Mean Annual Rainfall in mm Mahi Basin CWC Sites

Name of SiteData utilised up to 2007-08
(No.of years)
Average Rainfall
in m
Average No. of
rainy days
Rainfall year
No of Rainy days


Average wind speed is the lowest in Udaipur & the highest in Dahod. In general, wind speed is the lowest in post monsoon period (Oct-Nov) & the highest in June. The predominant wind direction is from west in Ratlam & Dahod from Northwest in Udaipur and Southwest in Vadodara. The wind direction remains uniform from post monsoon till early winter i.e. Oct – Feb. Change of direction takes place in March/April. In Ratlam, Vadodara & Dahod the dominant wind direction is from North east and east respectively during post monsoon and in winter changes to Westerly and South westerly. In Udaipur, the post monsoon and winter wind direction is from North & North West which changes to South-westerly & westerly during the remaining part of the year.
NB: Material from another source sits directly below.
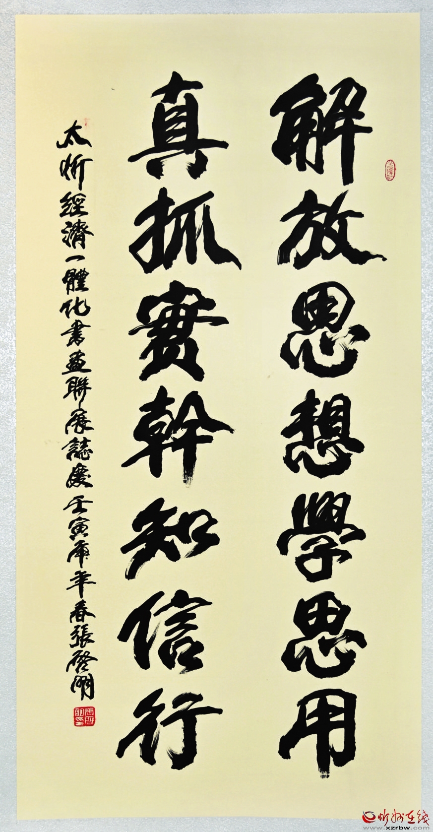 丹青吐彩,翰墨飄香。5月25目,由太原市委宣傳部、忻州市委宣傳部、山西省圖書館、太原市文聯(lián)、忻州市文聯(lián)共同主辦,太原市書法家協(xié)會(huì)、忻州市書法家協(xié)會(huì)承辦,助力“太忻經(jīng)濟(jì)一體化”發(fā)展——太原·忻州城市書法聯(lián)展在山西省圖書館拉開帷幕。
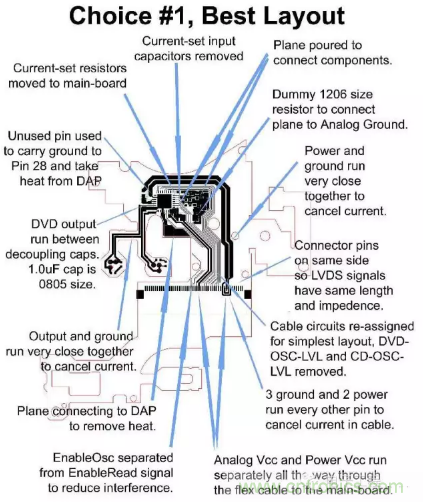 我在某家半導(dǎo)體公司任職時(shí),做的是驅(qū)動(dòng)PC用DVD刻錄機(jī)內(nèi)雷射頭的芯片;我看了一眼某客戶(hù)設(shè)計(jì)的軟性電路板原型,就知道他們?nèi)狈Ω咚倩蛏嵩O(shè)計(jì)方面的經(jīng)驗(yàn),畢竟他們之前做的CD刻錄機(jī)數(shù)據(jù)速率比較低,而且用的芯片不會(huì)產(chǎn)生太多熱度。而我們花了大半年的時(shí)間教客戶(hù)該怎么設(shè)計(jì)他們的PCB(圖5)。

Hydro geologically the river basin is categorised by two distinct units:

  • Consolidated formation: This hydro geological unit is mainly dominated by basaltic lava flows associated with inter trappean, infratrappean and Archean rock formation represented by phyllites, gneisses, quartzite & granites. The MP, Rajasthan & North eastern parts of Gujarat are mainly underlain by consolidated rocks.
  • Unconsolidated formation: Ground water occurs under water table and inconfined condition in the bed of sand, kankar & gravel that constitutes the alluvial aquifers occurred as discontinuous beds of varying thickness in hard rocks- terrain in the north & northeastern part of basin.

The valley-fills that are having good ground water potential are quite prominent and significant in the hard rock areas in the District of Jhabua, Chittorgarh, Udaipur, Banswara & Panchmahal. The southern part of the basin is occupied by quaternary, post Miocene and tertiary sediment deposited over a sinking basement between two major structurally controlled lineaments.
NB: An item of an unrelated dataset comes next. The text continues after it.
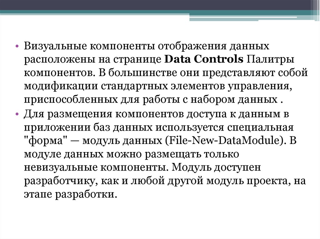 • Визуальные компоненты отображения данныхрасположены на странице Data Controls Палитры

Status of Surface Water Development

Jaisamund tank in Udaipur district of Rajasthan is the oldest irrigation project in the basin constructed in the pre-plan period. The important projects in the basin constructed during plan period are Mahi Bajaj Sagar, Jakham, Panam, Mahi Phase - I & II comprising of Wankbori weir and Kadana dam and Mahi (M.P.) projects.

Hydro-power Development

At present Hydro Power stations are located in Mahi Bajaj Sagar dam and at Kadana Dam. The Power house located at Kadana is a pump storage scheme.
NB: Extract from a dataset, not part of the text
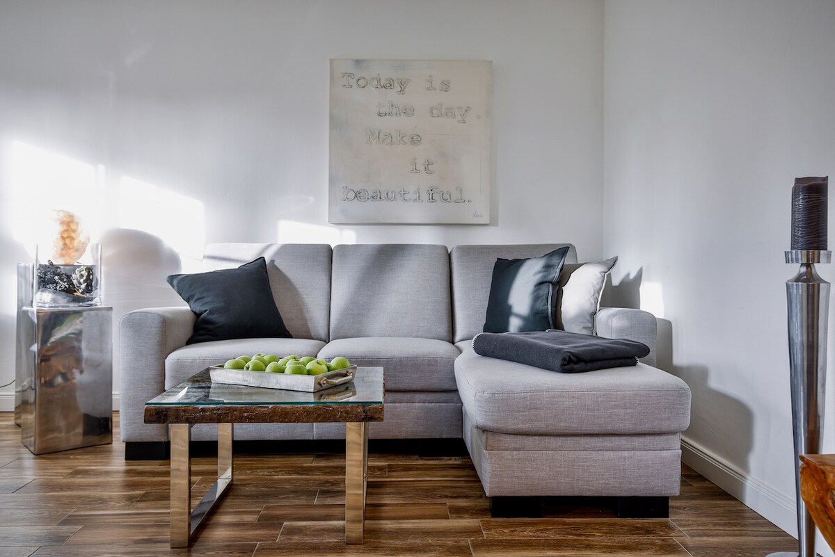Iflethi yethu esemgangathweni eyi-70 m² enophawu lwendlu enye ikunika indawo yokuhlala/yokutyela eyi-40 m² enekhitshi elivulekileyo, indawo yokutyela nendawo yokubasa umlilo, indawo yeofisi, igumbi leshawa elineshawa, igumbi lokulala elahlukileyo, igumbi lokulala elahlukileyo, ithala elikhulu eligqunyiweyo eline-sauna negadi evulekileyo. Ulwandle, idolophu kunye nesikhululo sikaloliwe sinokufikelelwa ngeenyawo malunga nemizuzu eyi-10 ukuya kweyi-15, ivenkile ekufutshane imalunga ne-250m kude. Izinja zamkelekile!

Urban Centres and Industries

Vadodara is the only important urban centre in the basin. There are not many industries in the basin. Some of the industries are cotton textile, paper, newsprint, drugs and pharmaceuticals. Most of these industries are located at Tatlam.

Hydrologic Network

Hydrological observation, in the basin are carried out by the Central and State Governments. The Central Water Commission maintains 12 gauge-discharge sites in the basin. Sediment observations are also taken at 3 of the above sites. In addition, gauge-discharge data are available at 13 sites established by the State Governments. The Central Water Commission operates two flood forecasting stations in the basin.

Existing Organisation

Mahi Bajaj Sagar is an important interstate project of Gujarat and Rajasthan. Mahi Control Board was set up by the Government of India in 1971 in consultation with the State Governments to ensure early execution of Mahi Bajaj Sagar Dam Project. The organisation is closed as the project is completed.